An Australian surfboard shaper whose three-fin 'thruster' design fundamentally changed wave riding, giving surfers unprecedented control and power.
Simon Anderson didn't just tweak surfboard design; he engineered a revolution from his Sydney workshop. In the late 1970s, surfing was divided between the loose, skatey feel of twin-fin boards and the clunky drive of single fins. Anderson, a powerful competitor himself, wanted both. In 1980, he glassed a new concept: a three-fin setup with a larger central fin flanked by two smaller side bites, all connected to a wider, flatter rocker. He called it the 'Thruster.' The effect was immediate and transformative. The board offered a quantum leap in control, allowing surfers to push harder off the bottom, carve tighter turns, and generate speed in critical parts of the wave. Anderson proved its worth by winning the 1981 Bells Beach contest on his new design. Almost overnight, the Thruster became the global standard, a rare instance of a single innovation completely resetting the technical parameters of a sport. Every high-performance surfboard since owes a debt to his simple, brilliant idea.
1946–1964
The largest generation in history at the time. Shaped by postwar prosperity, the Vietnam War, the sexual revolution, and Watergate. They questioned every institution their parents built — then ran them.

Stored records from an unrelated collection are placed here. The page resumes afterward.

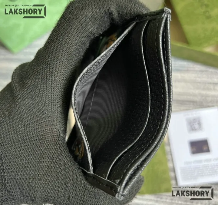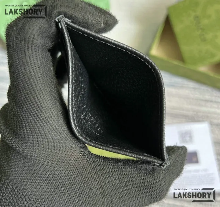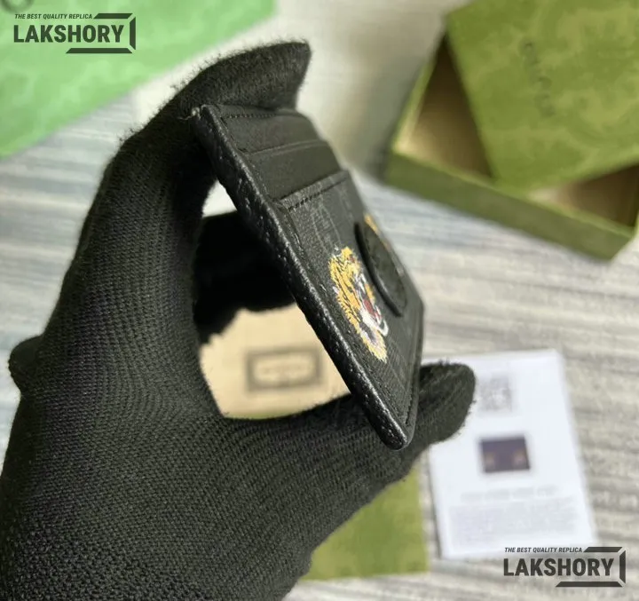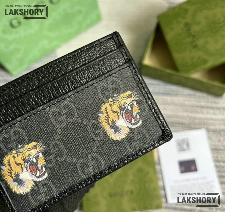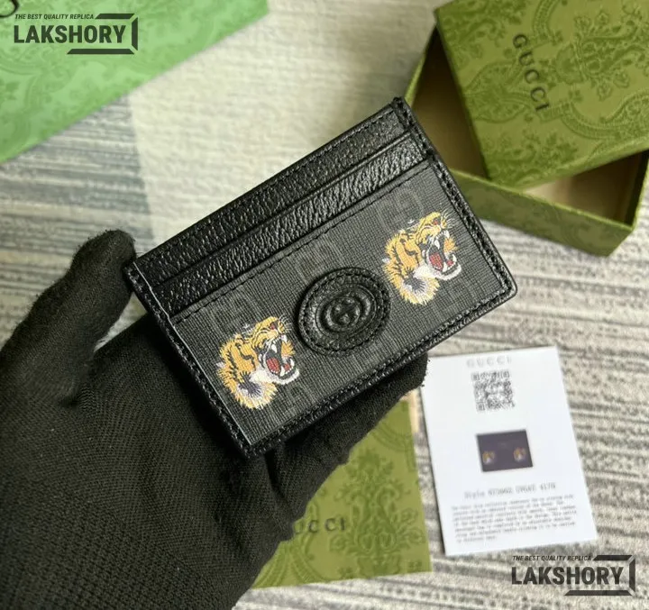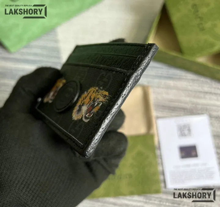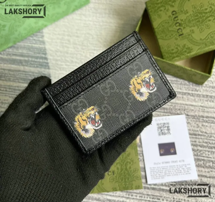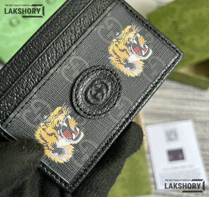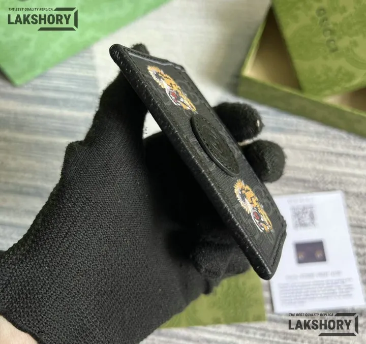 Gucci 1:1 Mirror Replica GG Tiger Card Holder Black 7CM/2.8IN
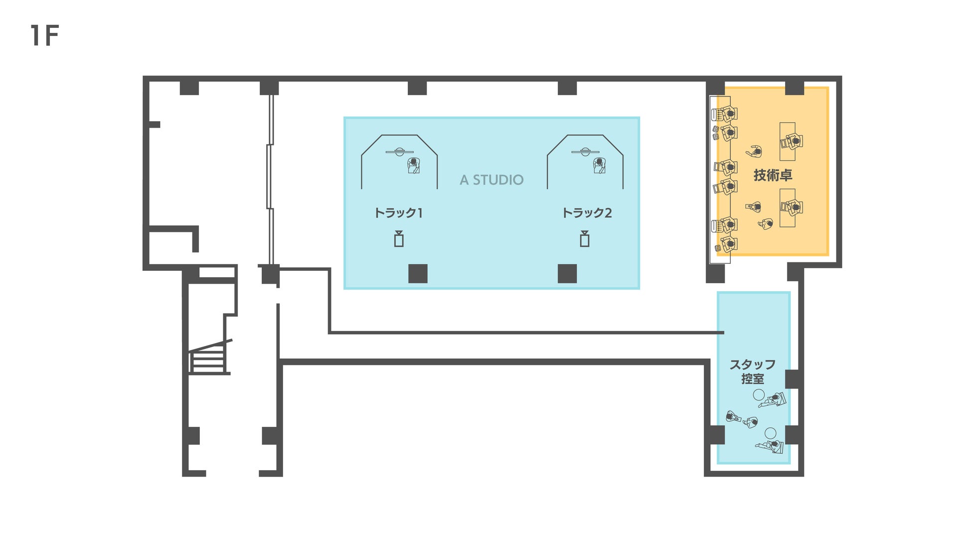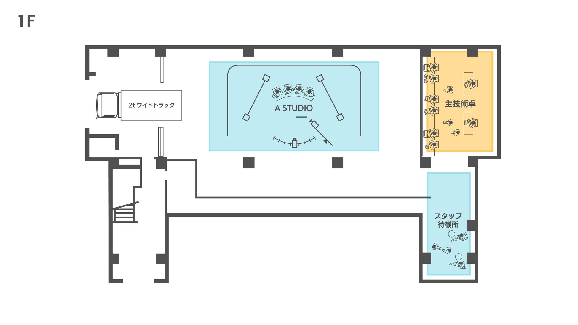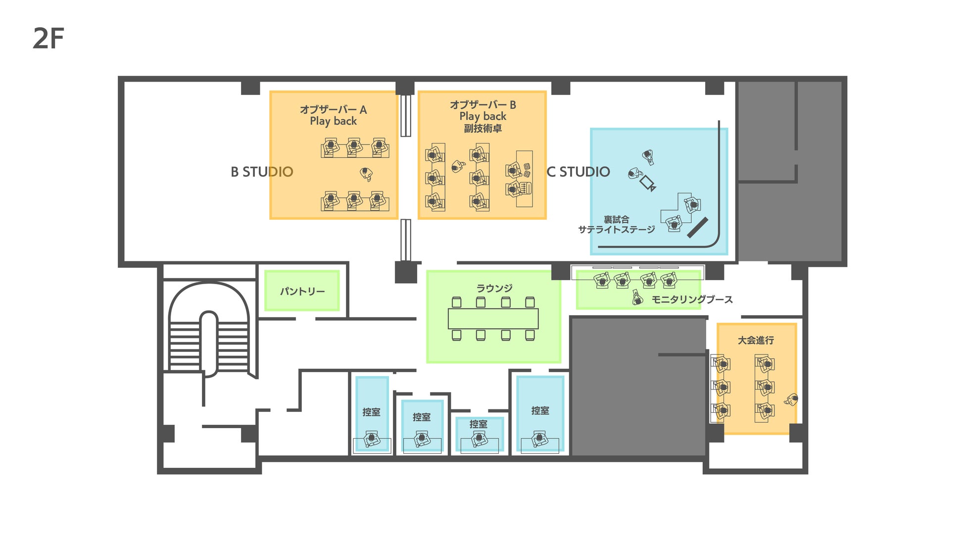 用途の異なる3つのスタジオ、4つの控室、事務局機能など多目的に活用できるオペレーションルーム、ラウンジなどを備えています。
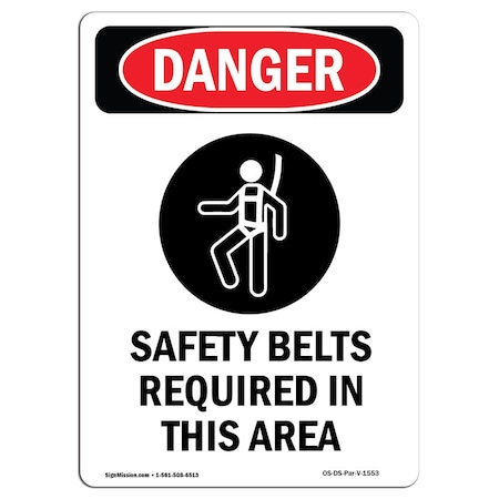 OSHA Danger Sign, Safety Belts Required, 10in X 7in Rigid Plastic
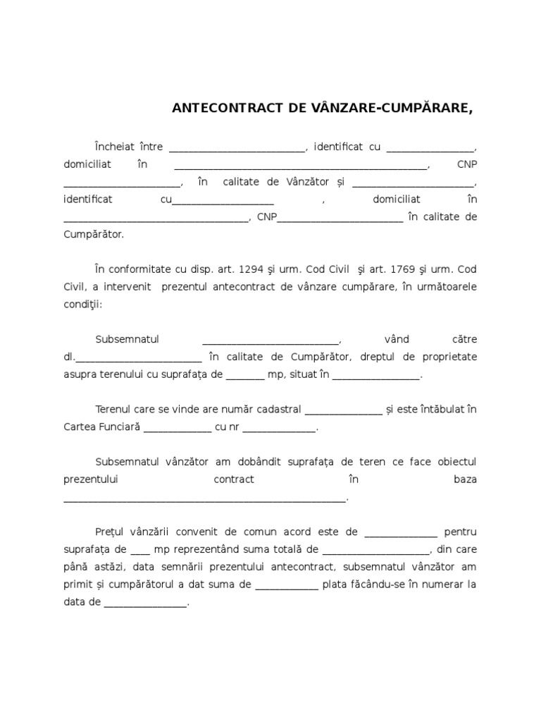 Daca de la nici unul din clienti nu cer avans ci doar plata topografului si dezmembrarii terenului si primirii de numar cadastral cum voi formula mai exact faptul ca daca ei renunta nu. Model antecontract de vânzare cumpărare părțile contractante se obligă să încheie contractul de vânzare cumpărare pentru apartamentul sus menționat. Construcţiile sub şi supraterane amplasate pe teren şi garantează pentru exactitatea acesteia. 660 mp teren de vanzare in domnesti ilfov eu vanzatorul declar sub sanctiunea prevazuta de art 292 cod penal ca terenul ce face obiectul acestui contract nu a mai fost vindut donat sau ipotecat in favoarea vreunei alte persoane fizice sau juridice si consimt la intabularea in cartea funciara a dreptului de proprietate al cumparatorului.
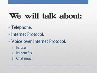 The document discusses VoIP technology, outlining its functions, benefits, and challenges. VoIP allows voice calls over the internet, offering cost savings and flexibility compared to traditional phone services but also faces issues such as quality of service, power dependence, and emergency call limitations. Additionally, it highlights the importance of security measures to protect VoIP communications from potential threats.
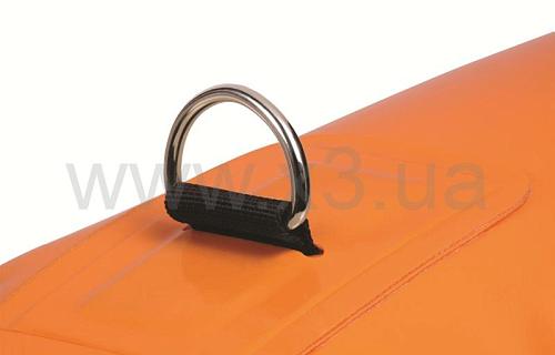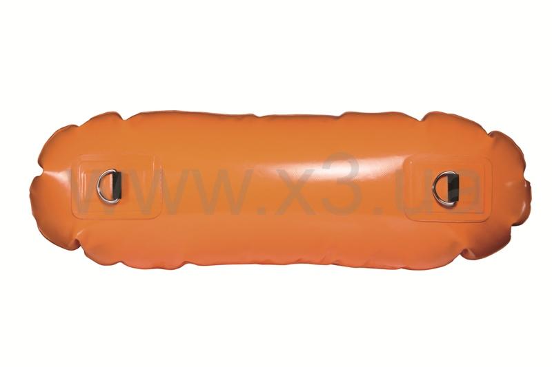 Рабочее давление камеры – 2 атмосферы. Клапан со стандартным автомобильным ниппелем позволяет накачивать буй от ручного насоса или электрического компрессора. Буй имеет объем 35 литров и оснащен двумя D-кольцами из нержавеющей стали для крепления линя. Эти кольца расположены на нижней стороне, чтобы буй оставался в нужном положении даже при сильном ветре. Кроме того, это препятствует, насколько это возможно, погружению буя во время рывков рыбы и заставляет ее двигаться в горизонтальном направлении, а не уходить вертикально вниз.
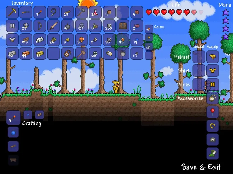 Terraria взяла от MMO немалое количество черт. Горы противников, чёткое разделение локаций, финансовую систему и, конечно же, мотивацию из разряда «собрать всё самое лучшее».
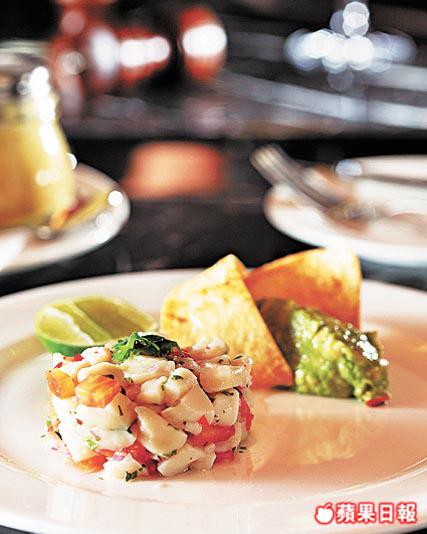 日本帶子刺身先用青檸汁醃,再以tequila酒、番茄醃,帶子新鮮爽口,酸甜開胃。

Simon was born in 1954, placing them squarely in the Baby Boomers. The events that shaped this generation — postwar prosperity, civil rights, Vietnam, and the counterculture — shaped the world they entered and the choices available to them.
The biggest hits of 1954
#1 Movie
White Christmas
Best Picture
On the Waterfront
#1 TV Show
I Love Lucy
The world at every milestone
Brown v. Board of Education desegregates US schools
Fidel Castro takes power in Cuba
Summer of Love in San Francisco; first Super Bowl
First Earth Day; The Beatles break up
Watergate break-in; last Apollo Moon mission
Fall of Saigon ends the Vietnam War
Apple Macintosh introduced
Nelson Mandela elected president of South Africa
Indian Ocean tsunami kills over 230,000
Russia annexes Crimea; Ebola outbreak in West Africa
AI reshapes industries; Paris Olympics
He initially kept his Thruster design secret, fearing competitors would copy it before he could prove its worth in competition.
Before the Thruster, Anderson was known for riding large, single-fin 'guns' at big wave spots like Hawaii's Waimea Bay.
He has written columns for surfing magazines, offering technical analysis and commentary on board design.
The original Thruster prototype is now housed in the Australian National Museum.
“I wanted a board that would turn off the tail like a twin-fin but had the drive and hold of a single-fin.”